▶ _INPUT DATA_:
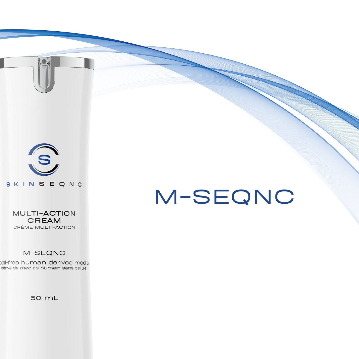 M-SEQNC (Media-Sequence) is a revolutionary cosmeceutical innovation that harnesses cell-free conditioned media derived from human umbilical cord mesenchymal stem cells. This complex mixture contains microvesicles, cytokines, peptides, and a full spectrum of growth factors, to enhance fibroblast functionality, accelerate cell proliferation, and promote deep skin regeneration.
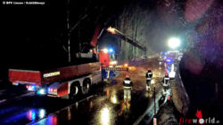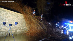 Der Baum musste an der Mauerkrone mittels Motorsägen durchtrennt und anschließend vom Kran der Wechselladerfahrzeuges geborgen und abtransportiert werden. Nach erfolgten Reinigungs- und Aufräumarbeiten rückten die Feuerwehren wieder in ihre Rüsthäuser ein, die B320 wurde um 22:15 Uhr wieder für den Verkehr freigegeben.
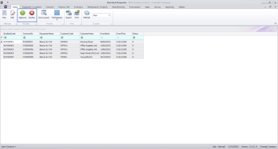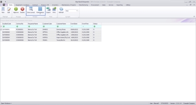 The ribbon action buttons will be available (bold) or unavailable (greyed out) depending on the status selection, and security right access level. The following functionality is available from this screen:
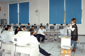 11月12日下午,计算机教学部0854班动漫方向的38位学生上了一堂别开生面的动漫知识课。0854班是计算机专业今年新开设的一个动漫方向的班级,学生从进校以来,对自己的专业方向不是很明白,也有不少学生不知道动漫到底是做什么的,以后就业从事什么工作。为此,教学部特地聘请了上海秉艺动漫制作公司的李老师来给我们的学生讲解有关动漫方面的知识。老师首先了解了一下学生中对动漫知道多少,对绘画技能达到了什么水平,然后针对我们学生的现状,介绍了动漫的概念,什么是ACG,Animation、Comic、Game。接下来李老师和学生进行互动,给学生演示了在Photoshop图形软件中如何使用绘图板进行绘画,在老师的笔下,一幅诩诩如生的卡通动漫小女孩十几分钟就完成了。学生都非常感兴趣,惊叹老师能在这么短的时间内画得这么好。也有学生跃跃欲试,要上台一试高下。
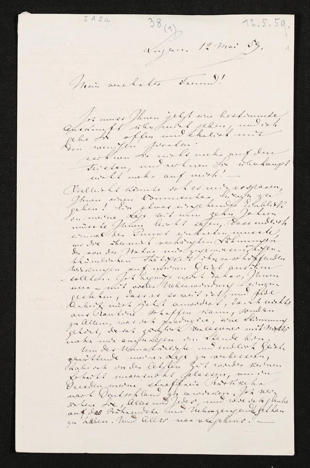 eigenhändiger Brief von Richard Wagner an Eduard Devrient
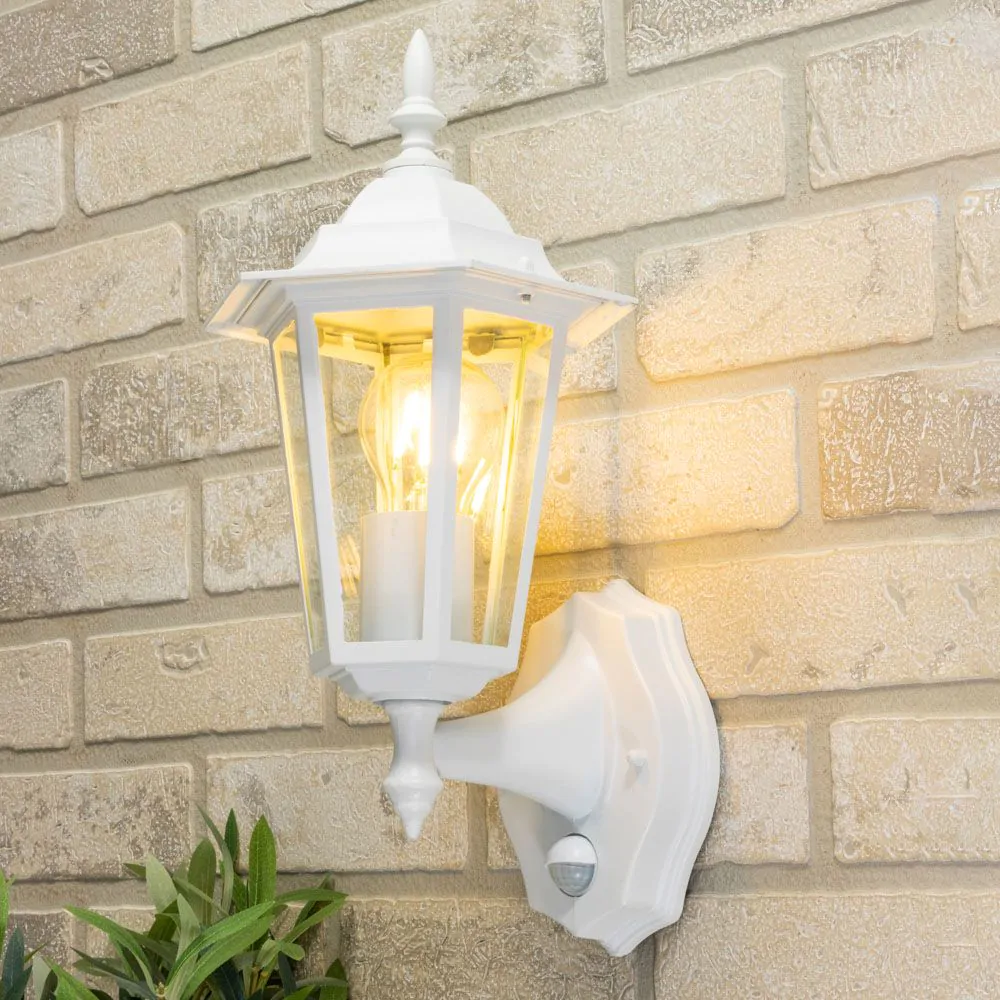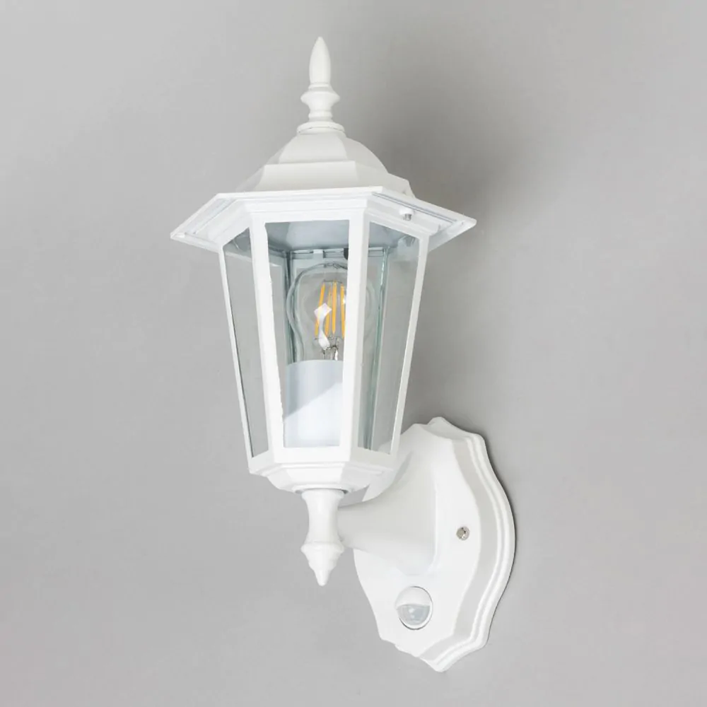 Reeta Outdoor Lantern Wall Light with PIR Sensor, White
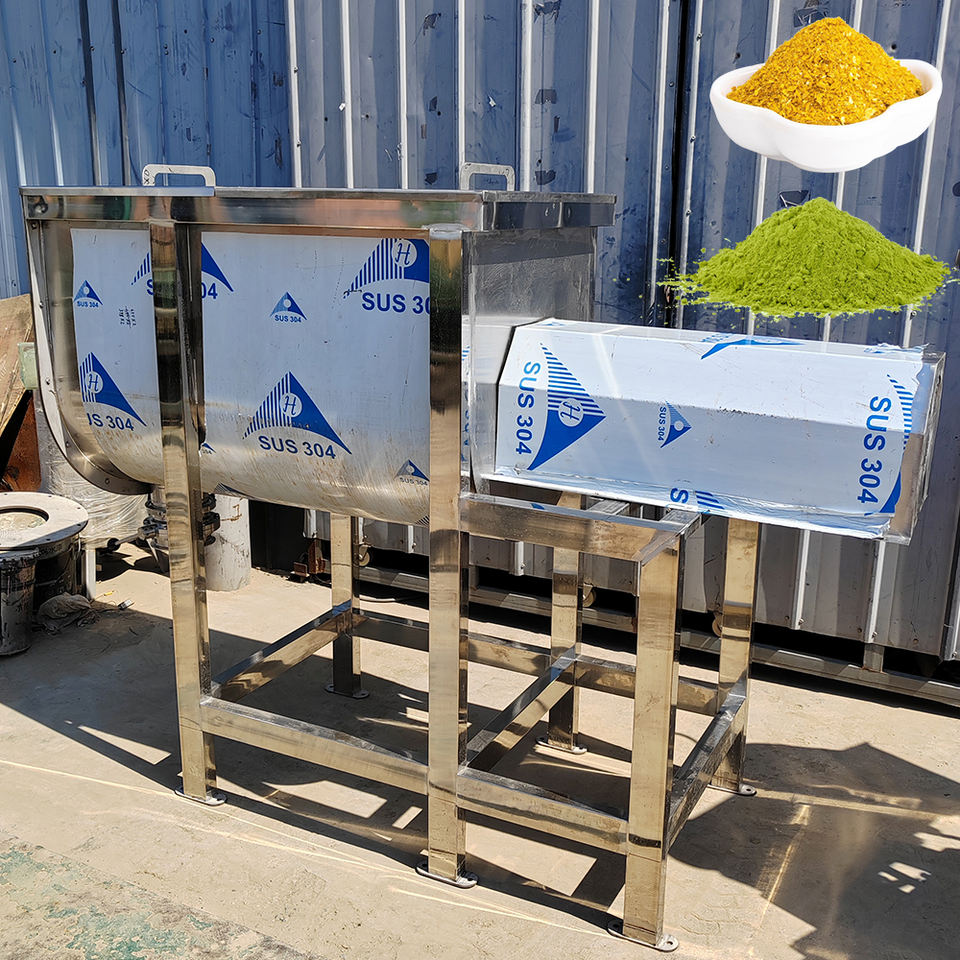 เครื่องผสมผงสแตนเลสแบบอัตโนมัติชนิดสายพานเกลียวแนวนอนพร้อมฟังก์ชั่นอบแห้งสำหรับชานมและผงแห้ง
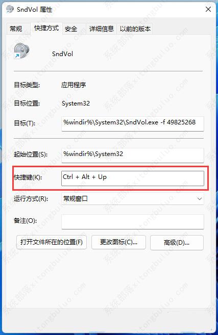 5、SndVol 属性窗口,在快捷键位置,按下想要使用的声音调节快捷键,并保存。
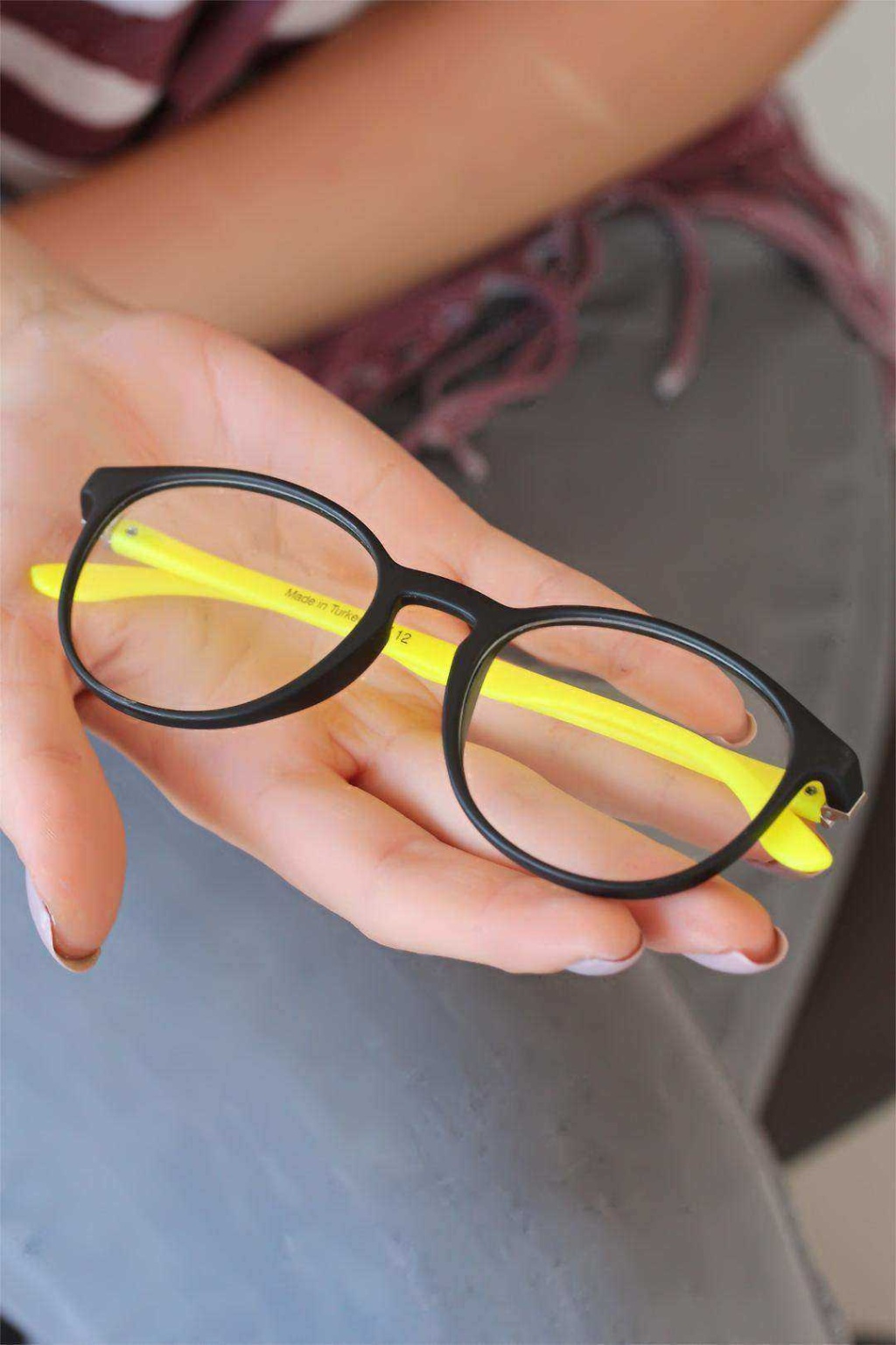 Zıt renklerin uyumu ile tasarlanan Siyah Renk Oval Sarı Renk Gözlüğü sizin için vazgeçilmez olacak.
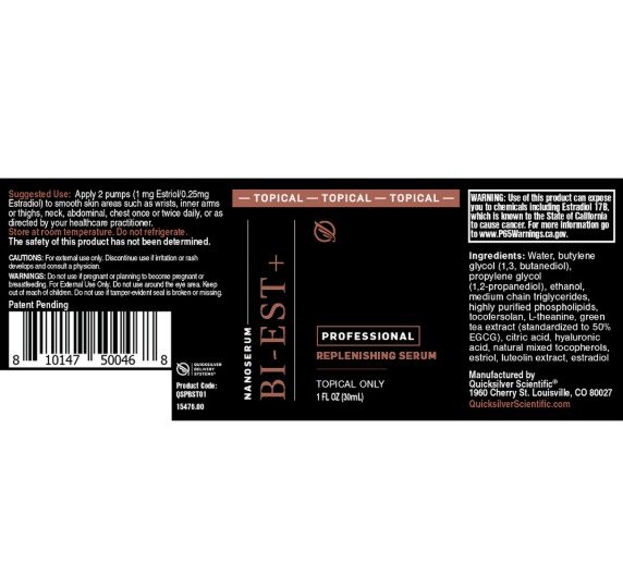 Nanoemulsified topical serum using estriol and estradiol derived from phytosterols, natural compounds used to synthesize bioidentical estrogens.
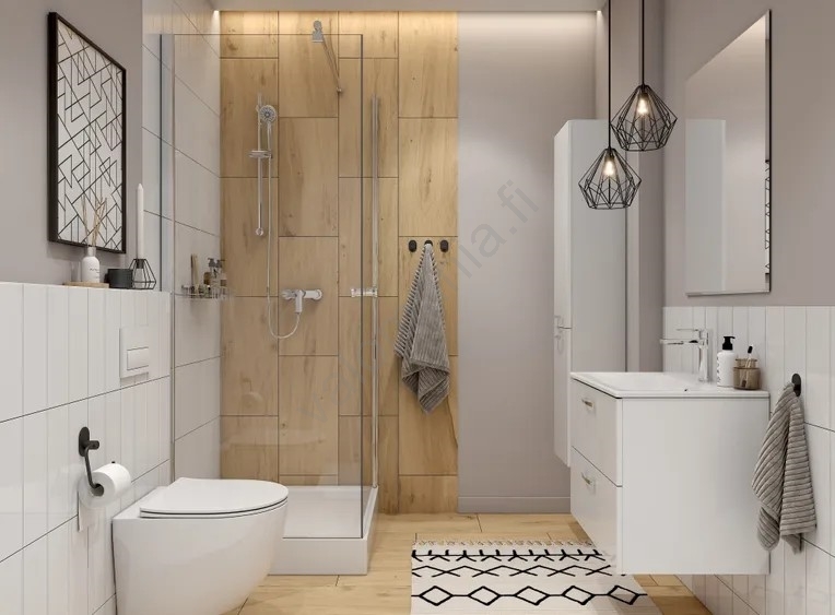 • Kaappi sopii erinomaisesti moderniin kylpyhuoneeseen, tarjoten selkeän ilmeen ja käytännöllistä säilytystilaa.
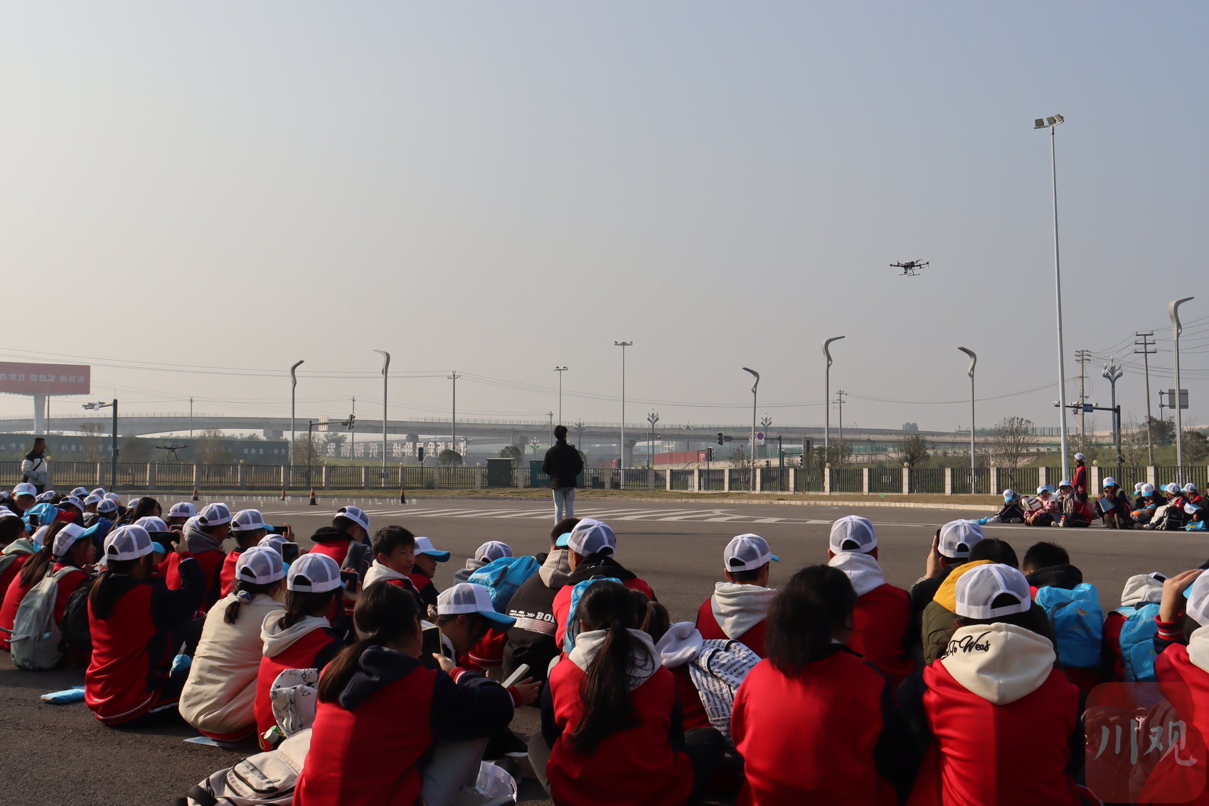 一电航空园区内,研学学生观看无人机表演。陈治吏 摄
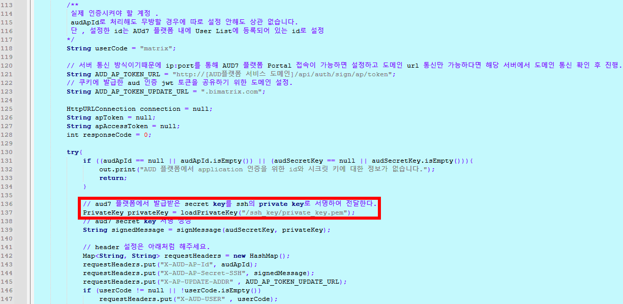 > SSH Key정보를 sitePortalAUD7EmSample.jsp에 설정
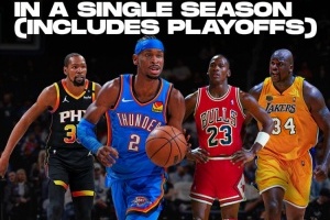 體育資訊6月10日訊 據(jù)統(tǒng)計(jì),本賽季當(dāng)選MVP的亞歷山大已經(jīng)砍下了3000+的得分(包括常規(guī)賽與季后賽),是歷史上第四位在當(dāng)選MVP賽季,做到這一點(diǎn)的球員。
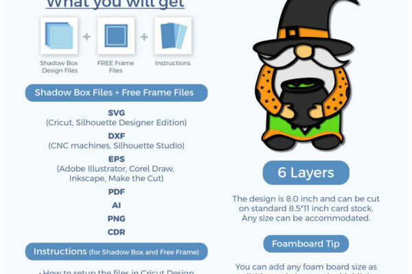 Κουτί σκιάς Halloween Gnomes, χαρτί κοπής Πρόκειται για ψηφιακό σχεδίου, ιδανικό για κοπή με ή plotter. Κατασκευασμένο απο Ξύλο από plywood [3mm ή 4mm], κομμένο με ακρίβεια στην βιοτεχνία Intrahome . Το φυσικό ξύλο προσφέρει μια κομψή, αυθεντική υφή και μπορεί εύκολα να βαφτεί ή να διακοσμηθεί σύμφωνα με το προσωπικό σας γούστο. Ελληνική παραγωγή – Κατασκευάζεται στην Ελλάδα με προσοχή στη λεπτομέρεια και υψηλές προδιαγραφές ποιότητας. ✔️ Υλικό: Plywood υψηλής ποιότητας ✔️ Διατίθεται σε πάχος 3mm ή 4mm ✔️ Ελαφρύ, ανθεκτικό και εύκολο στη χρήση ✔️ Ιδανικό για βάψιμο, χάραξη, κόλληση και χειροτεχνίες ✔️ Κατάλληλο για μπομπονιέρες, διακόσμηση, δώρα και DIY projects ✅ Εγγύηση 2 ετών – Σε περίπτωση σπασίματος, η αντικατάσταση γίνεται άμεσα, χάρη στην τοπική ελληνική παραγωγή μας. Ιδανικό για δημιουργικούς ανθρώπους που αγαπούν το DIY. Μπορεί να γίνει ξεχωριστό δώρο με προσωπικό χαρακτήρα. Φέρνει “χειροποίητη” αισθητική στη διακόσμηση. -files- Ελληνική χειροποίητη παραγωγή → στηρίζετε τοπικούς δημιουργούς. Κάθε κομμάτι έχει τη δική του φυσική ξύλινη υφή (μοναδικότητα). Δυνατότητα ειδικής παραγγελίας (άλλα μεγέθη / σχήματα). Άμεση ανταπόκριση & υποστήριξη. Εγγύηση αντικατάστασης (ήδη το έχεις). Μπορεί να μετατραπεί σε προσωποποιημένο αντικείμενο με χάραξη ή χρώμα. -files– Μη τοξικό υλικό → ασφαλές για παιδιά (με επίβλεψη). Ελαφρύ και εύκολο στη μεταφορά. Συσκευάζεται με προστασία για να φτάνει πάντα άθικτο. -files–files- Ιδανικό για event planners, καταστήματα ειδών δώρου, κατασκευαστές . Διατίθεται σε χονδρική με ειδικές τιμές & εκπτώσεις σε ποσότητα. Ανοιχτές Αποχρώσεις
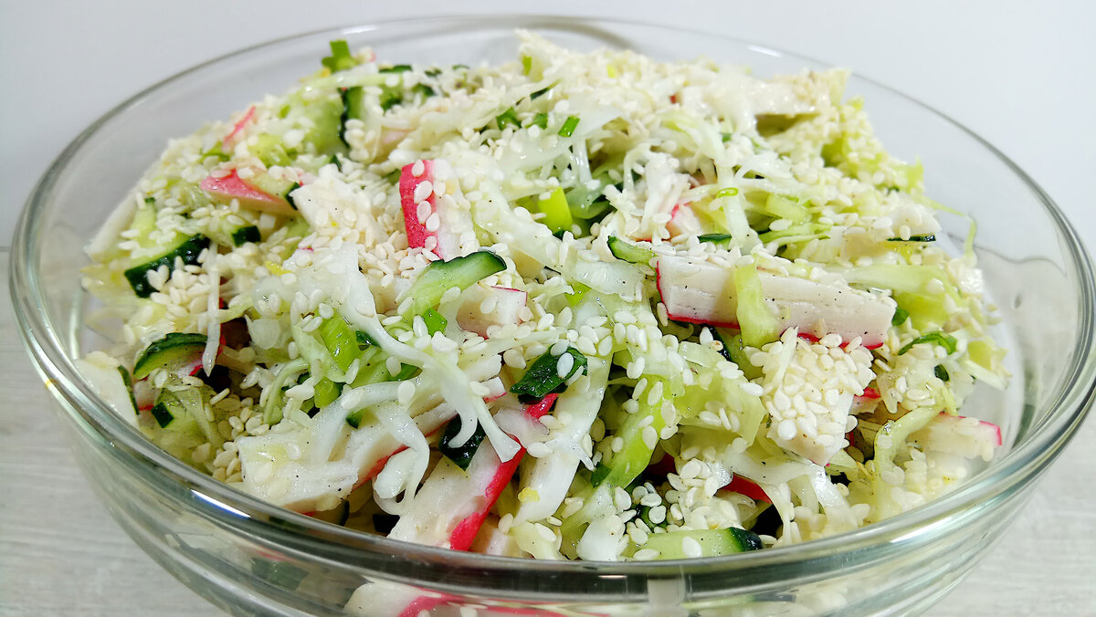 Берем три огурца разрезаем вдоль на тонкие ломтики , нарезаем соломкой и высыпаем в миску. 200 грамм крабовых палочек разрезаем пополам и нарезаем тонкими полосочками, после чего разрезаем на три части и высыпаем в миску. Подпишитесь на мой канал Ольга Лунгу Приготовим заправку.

▶ _TASK TO CARRY OUT_: Reproduce exactly the lines above that run from the one with "เครื่องผสมผงสแ" to the one with "體育資訊6月10日訊 據(j", both included, leaving pictures out.

▶ _RESPONSE_:
 เครื่องผสมผงสแตนเลสแบบอัตโนมัติชนิดสายพานเกลียวแนวนอนพร้อมฟังก์ชั่นอบแห้งสำหรับชานมและผงแห้ง
 5、SndVol 属性窗口,在快捷键位置,按下想要使用的声音调节快捷键,并保存。
 Zıt renklerin uyumu ile tasarlanan Siyah Renk Oval Sarı Renk Gözlüğü sizin için vazgeçilmez olacak.
 Nanoemulsified topical serum using estriol and estradiol derived from phytosterols, natural compounds used to synthesize bioidentical estrogens.
 • Kaappi sopii erinomaisesti moderniin kylpyhuoneeseen, tarjoten selkeän ilmeen ja käytännöllistä säilytystilaa.
 一电航空园区内,研学学生观看无人机表演。陈治吏 摄
 > SSH Key정보를 sitePortalAUD7EmSample.jsp에 설정
 體育資訊6月10日訊 據(jù)統(tǒng)計(jì),本賽季當(dāng)選MVP的亞歷山大已經(jīng)砍下了3000+的得分(包括常規(guī)賽與季后賽),是歷史上第四位在當(dāng)選MVP賽季,做到這一點(diǎn)的球員。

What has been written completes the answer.